Once more he looked at the couple, their waltz now beginning to attract the attention of others, his unease worsening at the sight of it.

'You ought to let them go, you miserable trout.' he thought somewhat resentful. 'Let a soul free. Is that not what this is all for?'

Yet such a notion was not quite as simple as all that. Indeed, he had grown bitter within centuries of waiting, the memories of his own love slowly lost to him till at last he could hardly recall what such joy might feel like.

It was what he had always wanted for himself. What he craved now with an insatiable hunger... And in the end he felt that that was what had truly killed the final part of him that had been human.

For as the years went on and his torment showed no signs of ending, he had grown a twisted sense of pleasure in watching those become as desperate as he had been to bring their loved ones back to the world of the living.

He delighted in their struggle, watching as hope from both the living and dead drained into something cold and lifeless in much the same way his own had. Pushing them beyond some threshold of breaking till each year every riddle grew far more ridiculous than the last-- till at last the words were something on the brink of madness.

The games had grown violent, blood spilled upon magical ground, those that had once been friends turning against one another... And he had watched it all with a growing sense of grim satisfaction.

Now they would know his own pain; his anguish at knowing that he would never be free of the colorful tents, trapped behind the silver gates for all eternity and never once had he allowed a single soul to walk through such gates before dawn.

To be sure, he reminded himself at times, he wasn't entirely heartless. He couldn't be, for they-- whoever they had been-- wouldn't have allowed it.

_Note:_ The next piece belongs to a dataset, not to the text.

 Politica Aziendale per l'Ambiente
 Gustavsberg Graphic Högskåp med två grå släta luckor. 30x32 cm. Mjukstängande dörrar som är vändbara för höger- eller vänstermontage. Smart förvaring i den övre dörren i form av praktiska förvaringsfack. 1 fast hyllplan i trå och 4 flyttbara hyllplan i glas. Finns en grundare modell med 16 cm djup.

And thus the two sides of his heart remained at war with one another-- all hidden neatly away beneath a façade of sarcasm and being a general nuisance.

"Let them go," he whispered aloud now, as though pleading the crueler part of himself to simply stand by and watch as Lucy Caramonte and the Baron walked beyond the silver gates. "Surely you can allow them this."

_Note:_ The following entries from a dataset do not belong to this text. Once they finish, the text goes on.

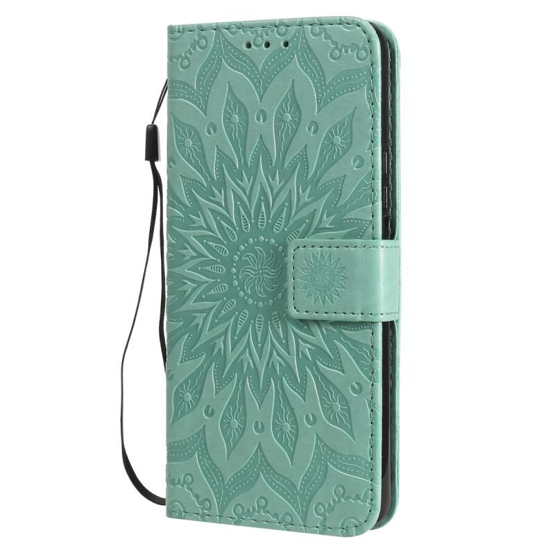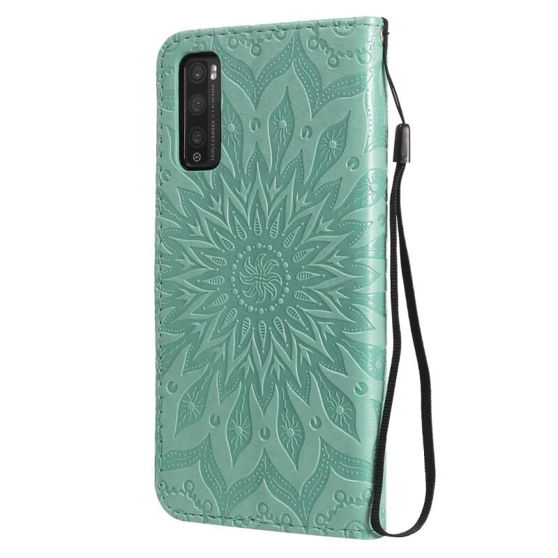 Για Huawei Enjoy Z Πιεσμένη εκτύπωση ηλιοτρόπιο μοτίβο οριζόντια Flip PU δέρμα θήκη κάτοχος & υποδοχές καρτών & πορτοφόλι & κορδόνι (πράσινο)
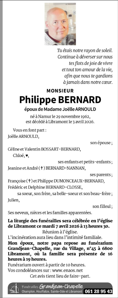 Décédé à Libramont (6800) le vendredi 3 avril 2026 à l'âge de 63 ans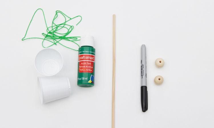 纸杯,带孔木珠,绳子,木棍,热熔胶枪,颜料和画笔,马克笔

It was the same argument each year, and in that time Azrael felt the bitter darkness grow, the longing within him a pulsing ache, his envy circling blackened fingers around his heart.

He thought of them, of afternoons spent in sunlight, of summer evenings spent drunk on fruit wine, of mornings wrapped in one another's arms. Of moments he could never have again. And with that, his sadness and anger pricked their thorns into his heart and he felt a shadow fall over him as he entered the game.

For he would not allow Miss Caramonte to win so easily.